We’ve walked to school in silence, Noel swinging his book bag, but as we enter the playground Noel asks, “Daddy, why were you sleeping in the spare room?” I’m about to attempt an answer when Billy dashes past us. Noel wheels into his best friend’s slipstream and they are gone. Somehow, during this manoeuvre, Noel has transferred his book bag into my hand. I walk towards Noel’s classroom, where parents and children gather outside.

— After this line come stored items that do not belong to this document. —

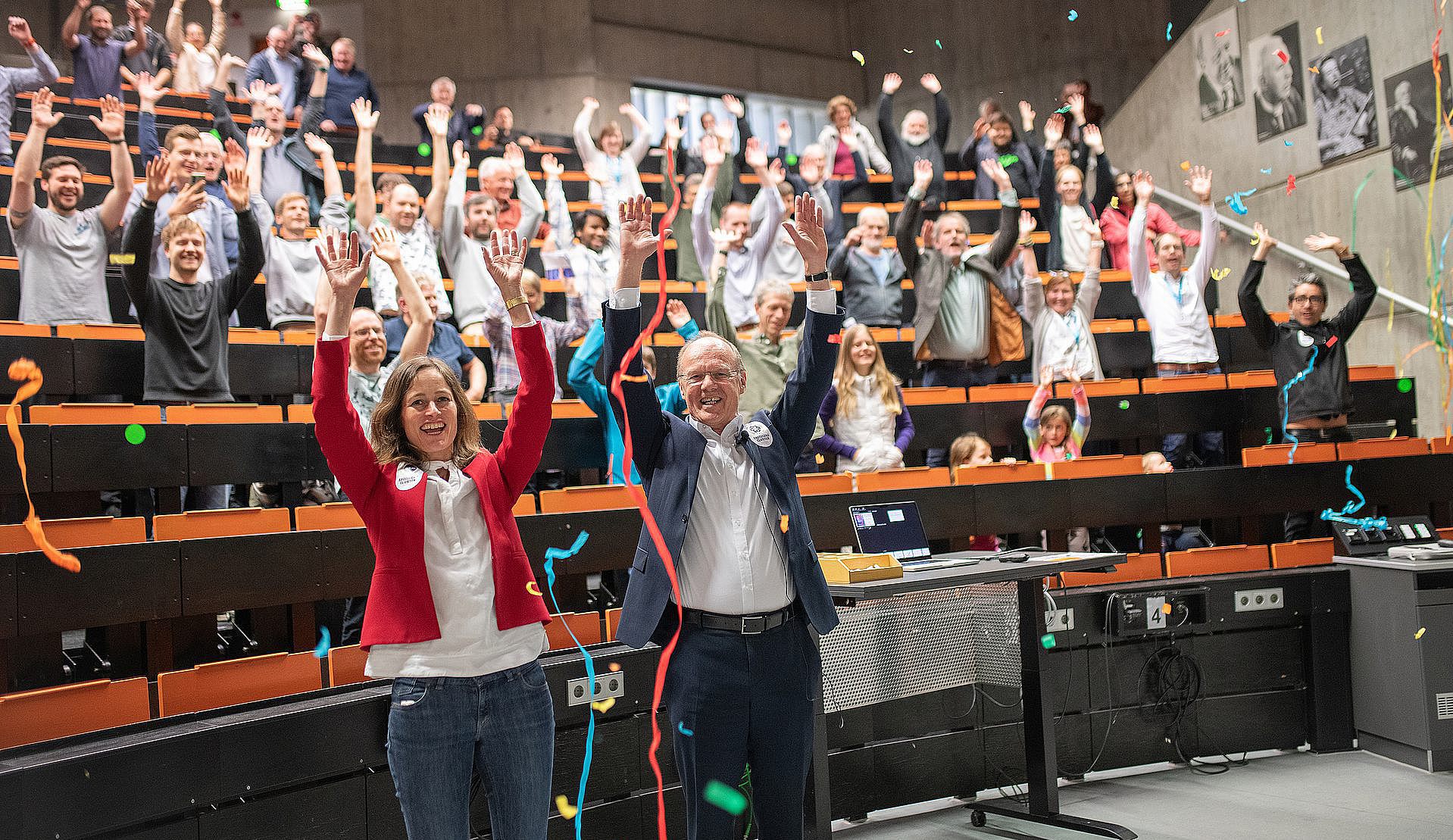 Im Auftrag der Deutschen Physikalischen Gesellschaft (DPG) reist der Physiker Prof. Claus Lämmerzahl von Bremen nach Ulm. Im Gepäck hat er eine Plakette der DPG-Initiative "100 Quantenorte", mit der die Universität Ulm und der DLR-Standort Ulm gemeinsam als erster Quantenort in Deutschland ausgezeichnet werden. Sichtbar gemacht werden damit Orte, Gebäude und Institute, die in besonderer Weise der Quantenphysik verbunden sind. Gefeiert wurde die Anbringung der Plakette in kleinem Kreis im Forum der Uni zusammen mit Forschenden aus dem Deutschen Zentrum für Luft- und Raumfahrt.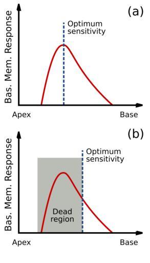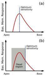 Keywords: Basilar membrane response.svg basilar membrane to a pure tone in a a healthy ear and b an ear with a dead region in the cochlea Own Inductiveload 2009-02-18 SVG files on otology Sensory Neuroscience Hearing and speech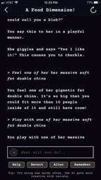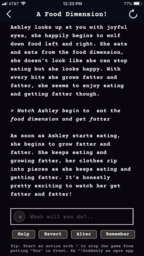 Soon the child test subject felt the portal expanding below her, and her fat body flowed through with ease, and was able to resume the puzzle. Though this was a bit of an alarm for her, as she realized just how big she was getting. Nearly eight hundred pounds of blubber, somehow still mobile… And hungry for even more! Could it be that syringe at the beginning of testing had some adverse effects on her hunger?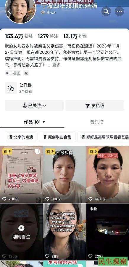 2023年12月起,“宁海四岁琪琪的妈妈”开始在抖音平台发布作品,目的是通过网络平台维权。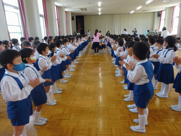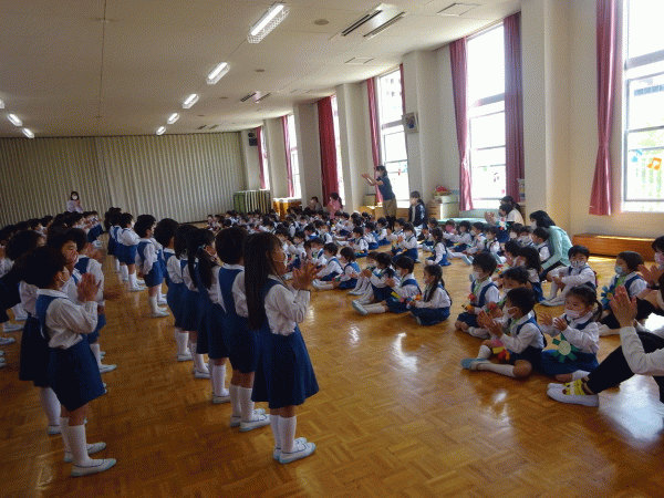 今日は新入園児の子ども達を遊戯室にお迎えして、みんなで新入園児歓迎会をしました(^^)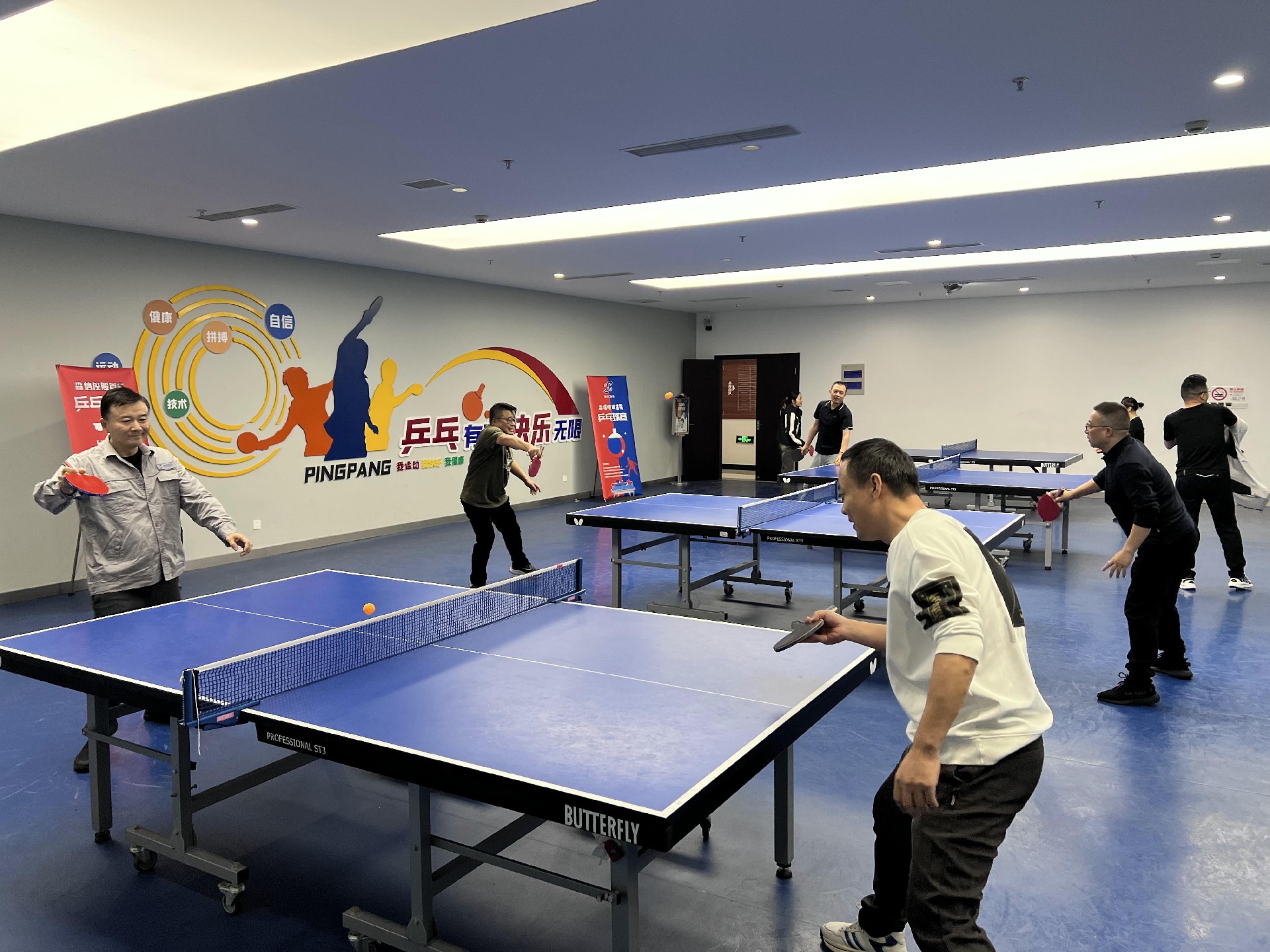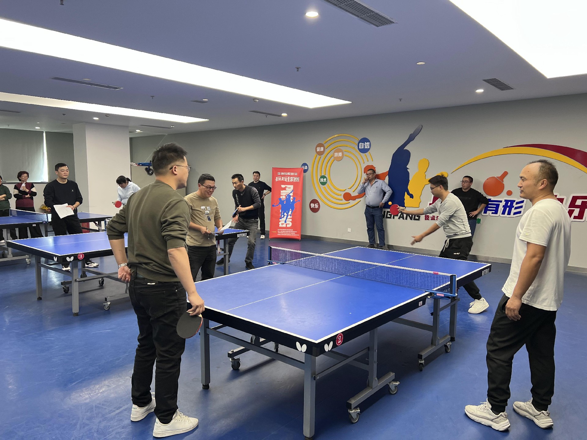 來自集團(tuán)各部門/項(xiàng)目部的30多位乒乓球愛好者參與比賽;比賽采用11分制,單項(xiàng)每場(chǎng)比賽為三局兩勝制。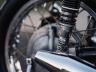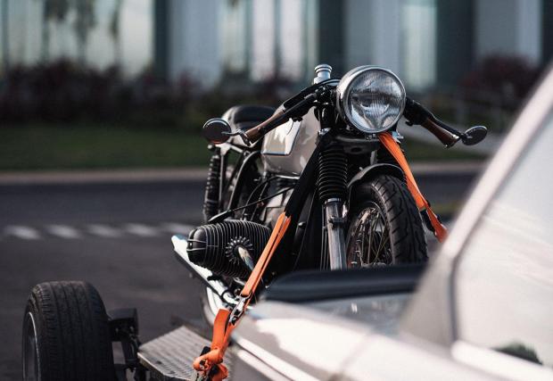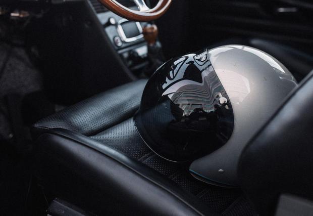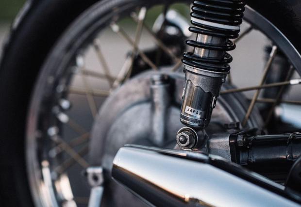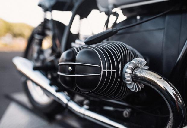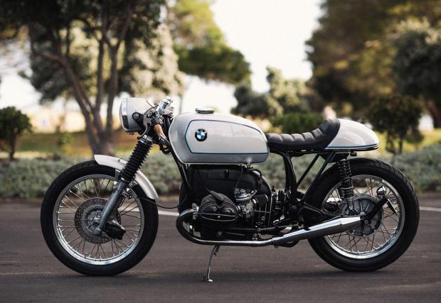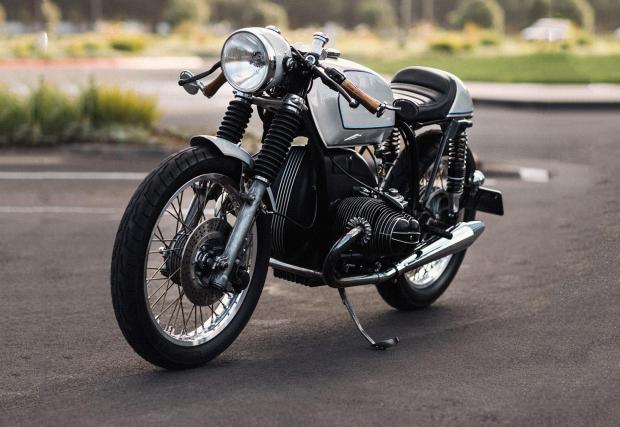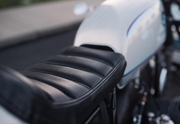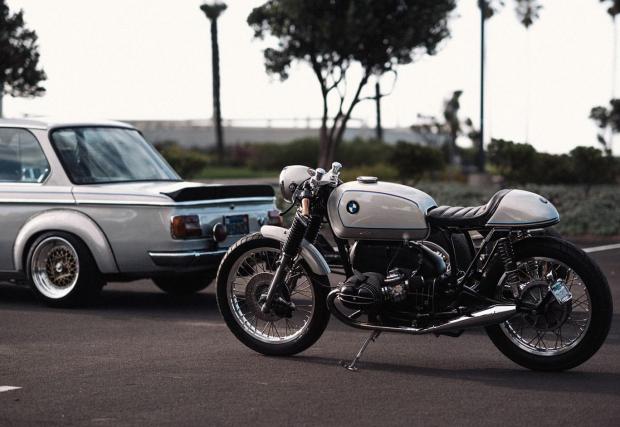 Супер, ами какво да кажем за мотора? BMW R 75/6 също от 1975 година, като за преработката му Ли се обръща към добър приятел и специалист в областта на име Фернандо. Неговата изработка е не по-малко впечатляваща от тази на колата, променен в кафе рейсър посока. Вилката е стоковата, но с къстъм тройник горе, а отзад работят Redwing шокове, закачени към 18-инчово колело Akront. Отпред се върти същия алуминиев компонент, но с един инч по-голям. Фарът пък е от друг мотоциклет с боксерен двигател – от руски „Урал“, но също модифициран, като по байка има и части Motogadget.

How would I have answered? That mummy and I had a horrible argument, I drank far too much and collapsed into the spare room bed? It has the advantage of truthfulness. Now I’m hungover, unshaven, scruffy and chucking a sickie. As I approach the forming line of children I hear Mr Donnelly, his back to me, quip to a couple of BAFTA-winning, Italian-suited TV producers, dads of various Jocastas and Dexters, “Give a man a gun and he can rob a bank. Give a man a bank and he can rob an entire nation.” Smug laughter all round.
Mr Donnelly turns to inspect his charges but, instead, confronts me. “Mr Cashman. Ah…” Noel and Billy career into the back of the line of seven year olds, sending a ripple through the class. “Noel. Billy. Be careful. Right, in you go,” says Mr Donnelly. The children enter the classroom, Noel and Billy giggling at the rear of the line. Mr Donnelly turns and enters the classroom.
I walk away, wondering whether I should make Donnelly an offer he can’t refuse. He has a great reputation. Maybe quadruple his salary to tutor Noel at home. That’d ruffle some BAFTA-winning feathers. I pass a putrid rubbish bin and retch violently. My head spins. And as I raise my head I see Mr Donnelly watching me from the classroom window.